What evaluators does Bento support?
Code, LLM-as-judge, and human review, in parallel. Any evaluator type on any release. Deterministic code checks, LLM-judge rubrics, regex/JSON validators, and human-in-the-loop review all run concurrently against the same release. Results aggregate into a single gate.
Do we need to hand-curate eval datasets?
Not usually. Production datasets are curated automatically from your traces. Bento groups runs by outcome, intent, and user segment, and surfaces the slices worth evaluating against. You can always promote specific runs to a pinned dataset for regression guarantees.
SECURITY & DEPLOYMENT
How does Bento handle sensitive data in production traces?

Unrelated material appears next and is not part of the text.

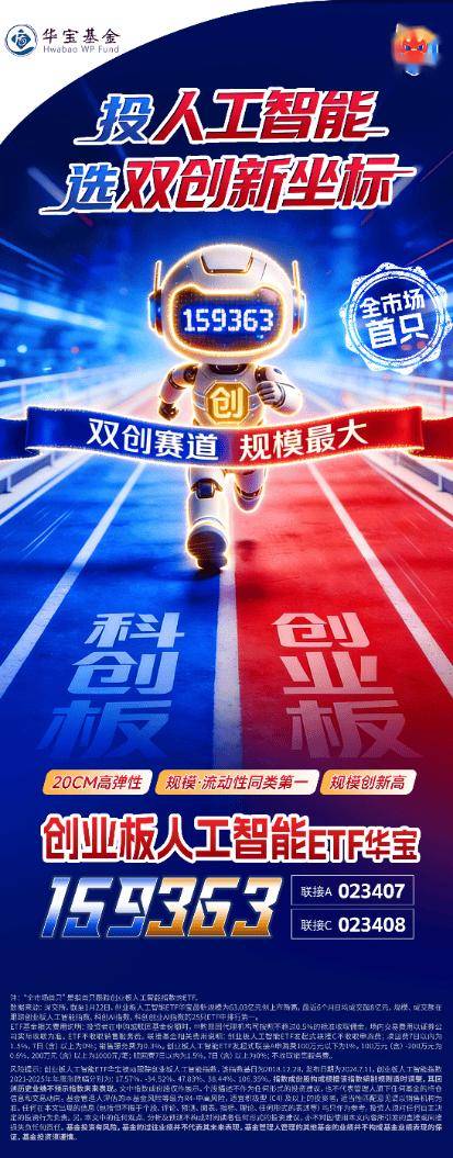 注②:截至2026年1月22日,跟踪创业板的人工智能主题ETF共8只,跟踪科创板的人工智能主题ETF共10只,跟踪科创创业AI主题的ETF共7只,其中创业板人工智能ETF华宝(159363)规模达达63.03亿元,最近6个月日均成交超8亿元,为其中规模最大、流动性最佳的产品。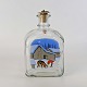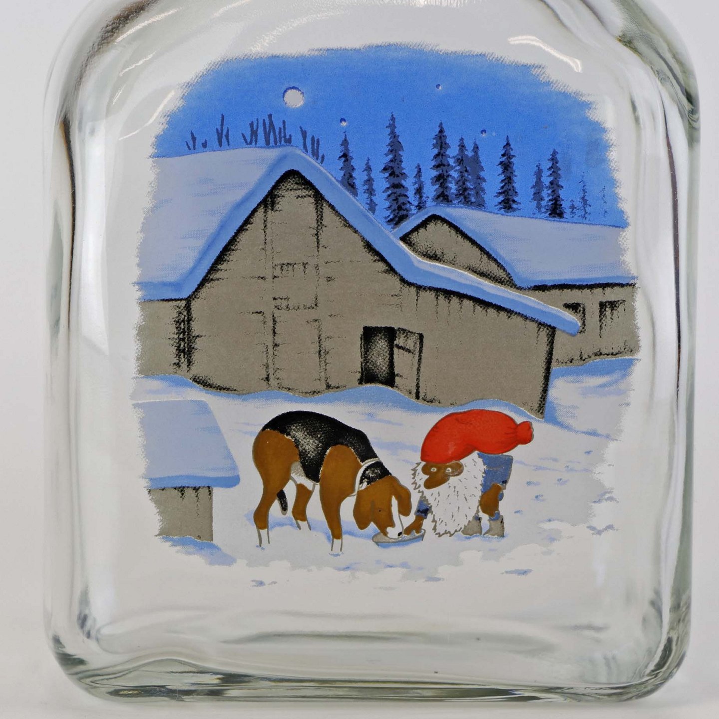Beskrivelse: Dramflaske i glas med julemotiv af Nisse, hund og ræv efter tegning af Harald Wibergs. Snapseflasken kommer med korkprop.

PII redaction happens at capture time, in your infrastructure. Nothing sensitive leaves your VPC unless you want it to. Our OpenTelemetry collector ships with configurable scrubbing rules for names, emails, tokens, and custom patterns. Self-hosted deployments are available for regulated environments.
Can we self-host Bento?
Yes. Fully self-hosted deployments are available on request. The collector, storage, and learning engine can run inside your VPC or on-prem. We support AWS, GCP, and Azure, and can sit behind your existing auth (SAML, OIDC, or SSO).
Is Bento SOC 2 compliant?
SOC 2 Type II, in progress. GDPR-ready today, with DPAs available. We follow SOC 2 controls as of day one and are in the middle of our Type II audit. Enterprise customers get DPAs, sub-processor lists, and penetration test reports on request.
PRICING & ONBOARDING
How is pricing structured?
Usage-based, with a flat platform fee. You pay for traces ingested and skills promoted, not seats. There's a free tier for individual developers and a startup tier for small teams. Enterprise pricing scales with trace volume and includes dedicated support. No per-seat surprises.

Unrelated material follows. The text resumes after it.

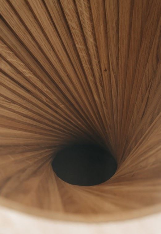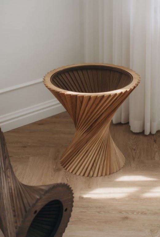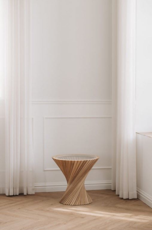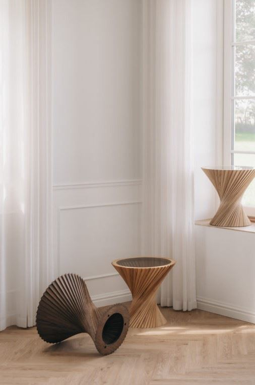 Hyperbel sidebordet fra VIA Copenhagen er tegnet af Christian Winther Johannsen som en gave til sin hustru i 2015. Dette skulpturelle sidebord kombinerer matematikkens love og naturlige materialer. Bordet består af 48 træstykker der er blevet samlet med stor præcision.

How long does onboarding take?
Minutes for instrumentation, a week for full value. First traces in production within 30 minutes; first promoted skill within seven days. Teams typically land the OTel SDK on day one, configure their first alerts in the same week, and see the improvement loop contribute measurable gains by the end of the first sprint.
What do we need to get started?
An agent in production and an engineer for an hour. No ML team required. Most integrations are a few lines of code. Bento works with any callable agent, and anyone on your team who can write a YAML file can author skills and rules.